Início da fase de testes do IBS e da CBS em 2026 exige adaptação imediata das empresas e levanta preocupações sobre fiscalização automática, autonomia federativa e aumento de riscos tributários.
A entrada em vigor da fase experimental da Reforma Tributária, a partir de janeiro de 2026, já provoca alerta no meio empresarial e jurídico. Para a advogada tributarista Mary Elbe Queiroz, presidente do CENAPRET, o novo modelo de fiscalização associado ao IBS e à CBS pode criar uma “nova malha fina tributária”, ampliando riscos operacionais e gerando insegurança jurídica para as empresas.
A reforma prevê a substituição gradual de tributos como ICMS, IPI, ISS, PIS e Cofins por dois impostos de base ampla: a Contribuição sobre Bens e Serviços (CBS) e o Imposto sobre Bens e Serviços (IBS). Já no primeiro dia de 2026, terá início uma cobrança simbólica, em caráter de teste, com alíquotas de 0,9% para a CBS e 0,1% para o IBS. Embora não haja recolhimento efetivo nessa fase, todas as empresas deverão adaptar seus sistemas fiscais, contábeis e tecnológicos, inclusive a emissão de notas fiscais com campos específicos para os novos tributos.
Segundo Mary Elbe Queiroz, o período experimental servirá para testar a infraestrutura tecnológica do novo sistema e permitir o cruzamento de dados em tempo real entre Receita Federal, estados e municípios. “As empresas precisam revisar sua estrutura tributária desde já, especialmente no que diz respeito ao regime de apuração e à reavaliação de créditos tributários. O sistema de alíquota teste é apenas o primeiro passo de uma mudança profunda”, afirma.
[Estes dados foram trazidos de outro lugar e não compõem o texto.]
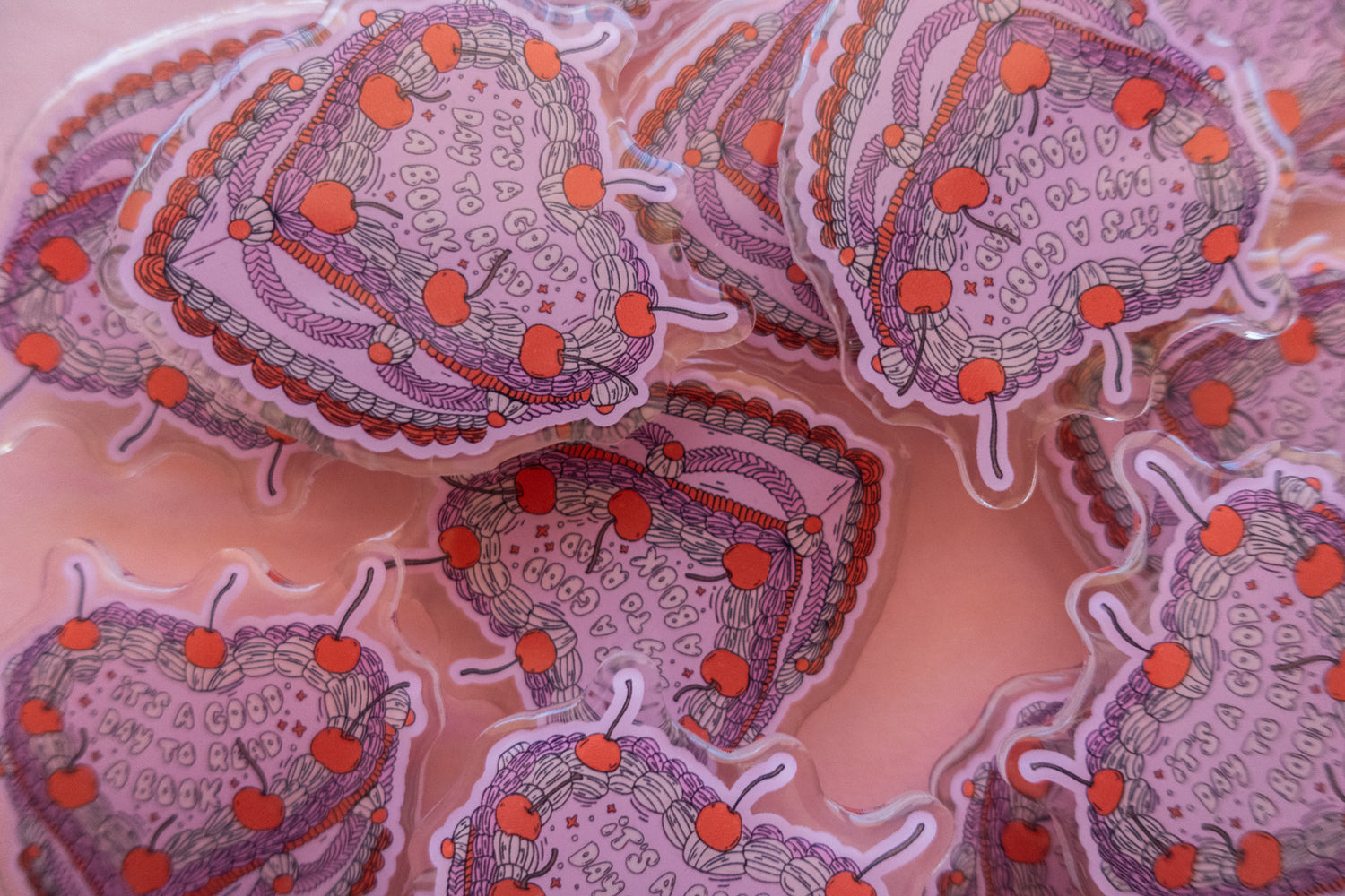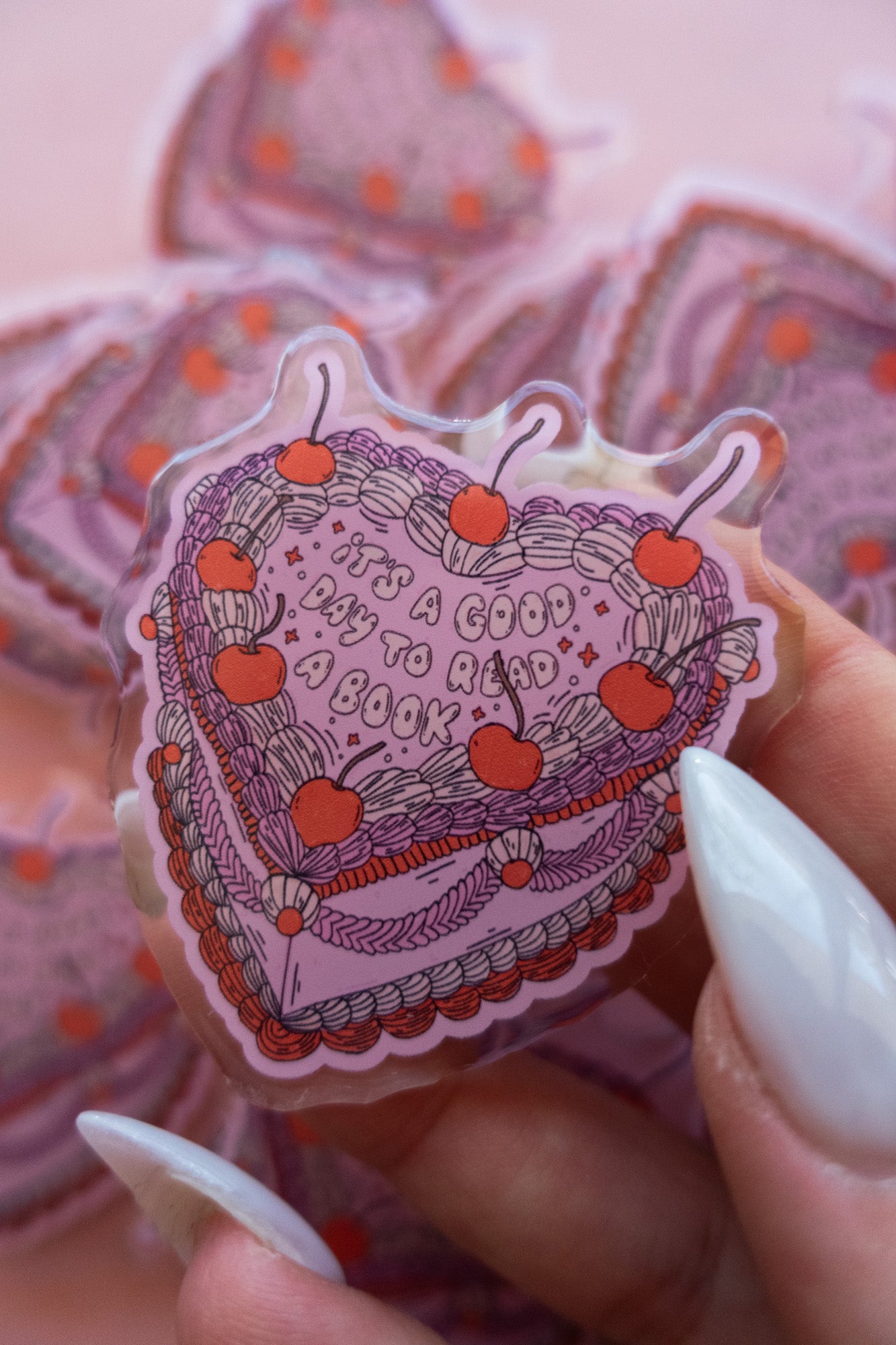 A cute little cake that reads "It's a Good Day to Read a Book"

A tributarista alerta que o novo modelo amplia a fiscalização automatizada e reduz a margem para erros operacionais. “As informações serão checadas em tempo real. Um erro de classificação pode gerar autuações automáticas. Quem não se adaptar corre risco elevado de multas em um ambiente de controle muito mais rigoroso”, destaca.
Além das exigências tecnológicas, Mary Elbe chama atenção para os impactos institucionais da reforma. Para ela, a centralização da arrecadação e da gestão do IBS em um Comitê Gestor nacional pode fragilizar a autonomia de estados e municípios e limitar a atuação dos tribunais administrativos locais. “Estados e municípios deixam de legislar sobre matéria tributária, salvo a fixação de alíquotas. Isso representa uma ruptura estrutural no pacto federativo e pode aumentar a litigiosidade”, avalia.
Outro ponto de preocupação é o período de transição até 2033, quando os tributos atuais serão totalmente extintos. A ausência de parâmetros claros sobre regimes especiais, incentivos regionais e regras de compensação tende a gerar incertezas, perda de previsibilidade e possíveis aumentos indiretos da carga tributária.
Diante desse cenário, a recomendação da presidente do CENAPRET é que as empresas iniciem ainda em 2025 auditorias fiscais internas e planejamento tributário estratégico. “É essencial contar com assessoria especializada para identificar riscos, revisar classificações fiscais, analisar impactos sobre insumos, exportações e benefícios fiscais. A reforma pode ser uma oportunidade, mas apenas para quem estiver preparado”, conclui.